# Exponential Function

# Tuji's account

In the beginning, we wanted to multiply number by itself many times. We produced a*a*...*a. Then we made a short hand a^{n} where n is a positive integer. After making a^{-1} to mean the inverse of a and a^{0} to be the unity 1, we found that a^{n} makes sense for all integers n. Then we made sense out of a^{1/m} for positive integer m (at least for positive a) by enforcing that (a^{1/m})^{m} = a. So far a^{x} is defined for positive real number a and rational number x.

Then all of a sudden people just know that they know what a^{x} is for all positive real number a and real number x. That was a huge leap. Then people went on to differentiate this mysterious object and do various things. I guess, when we learn something at a young age, we just internalise the concept with ease. When one becomes mellower with age and one forgets one's upbringing, one notices that one doesn't really know what real numbers are beside those rational ones.

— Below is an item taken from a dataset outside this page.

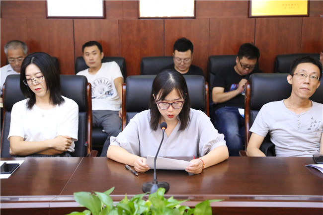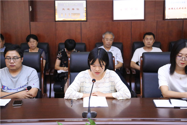 机关党支部王晓辉发言,感谢时代赋予自己的教师责任,感谢学校各级领导的悉心关怀和正确指引,在今后的工作中将继续发挥自身优势,以饱满的热情和踏实的作风投入到工作中去,“做党和人民满意的人民教师”,为学校未来的建设和发展,贡献自己的力量。
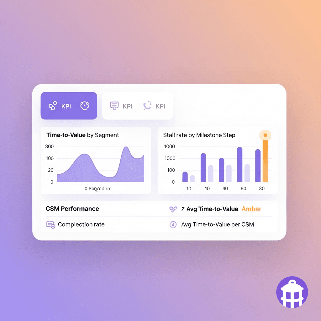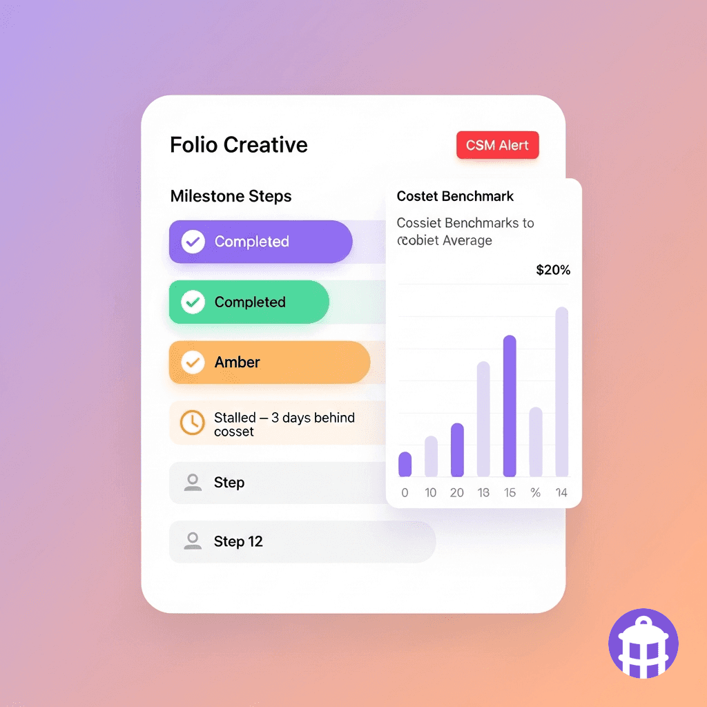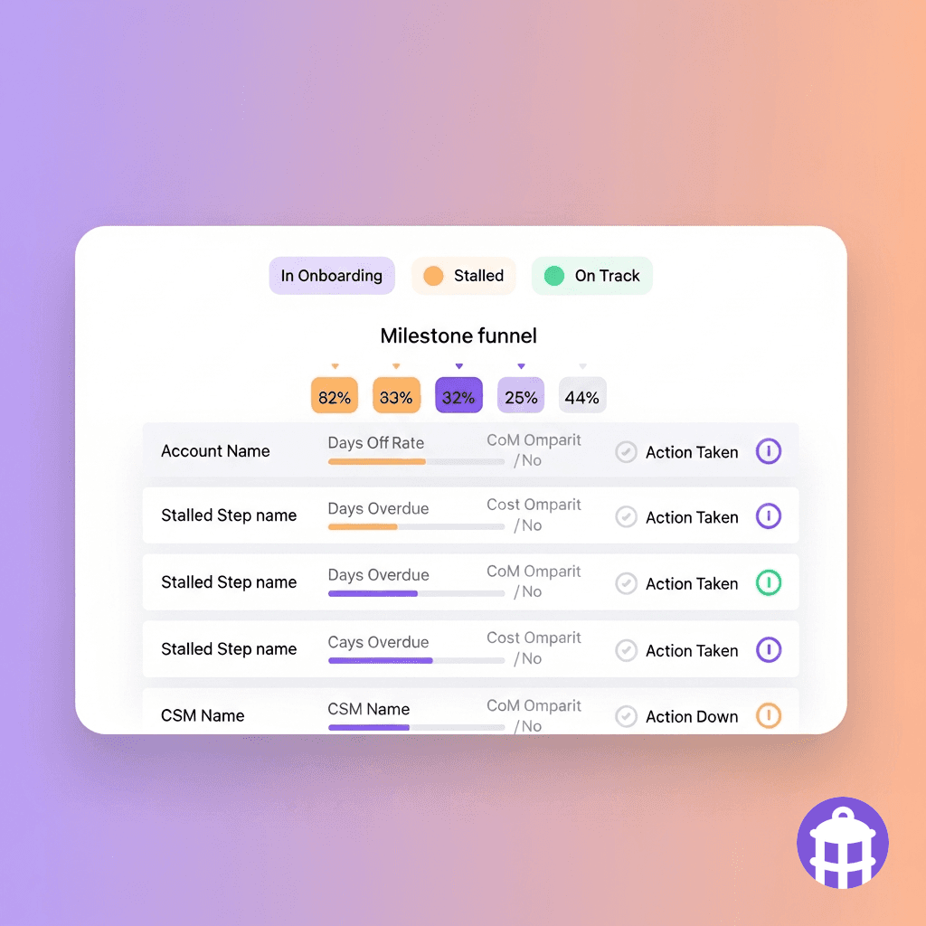 Every onboarding step is tracked from product events. Automated actions fire on schedule; CSMs are alerted when intervention is needed.

Completion just happened without one really noticing.

And then people wanted a^{x} for all complex number x and were alarmed that they were asked to swallow Euler's formula e^{iθ} = cos θ + i sin θ and what is e anyway?

# Tuji's reconstructed account

We define e^{x} to be the series 1 + (x/1!) + (x^{2}/2!) + (x^{3}/3!) + ..., which is convergent for all complex number x. One realises that the thing that one has been so familiar with is this unwieldy monstrosity. Then we define a^{x} to be e^{a log x} where log x is the inverse function of e^{x}.

First it is actually quite wieldy. If one differentiates the series term by term (which one can do due to absolute convergence), one gets back the same series! Another property is that e^{x + y} = e^{x} e^{y} which one can see by using the binomial formula.

The trigometric function cos x is defined to be (e^{ix} + e^{-ix})/2 while sin x is defined to be (e^{ix} - e^{-ix})/(2i) for all complex number x. Then the formula e^{iθ} = cos θ + i sin θ (for real number θ) follows directly from definition. Also cos^{2} x + sin^{2} x = 1 for all complex number x. This implies that e^{iθ} has modulus 1 for all real number θ. Does this still fit with the geometric picture? At this point the narrator decided to give up. He knows that the this definition of the trignometric functions agree with the geometric definition, but this comes after computing derivatives of sin and cos (from geometric definition) using the addition formulae of sin and cos and make the Taylor expansion. It's not obvious that e^{2πi} = 1 from the serie definition, is it?

Either Euler's formula is trivial and something else is non-trivial or Euler's formula is non-trivial.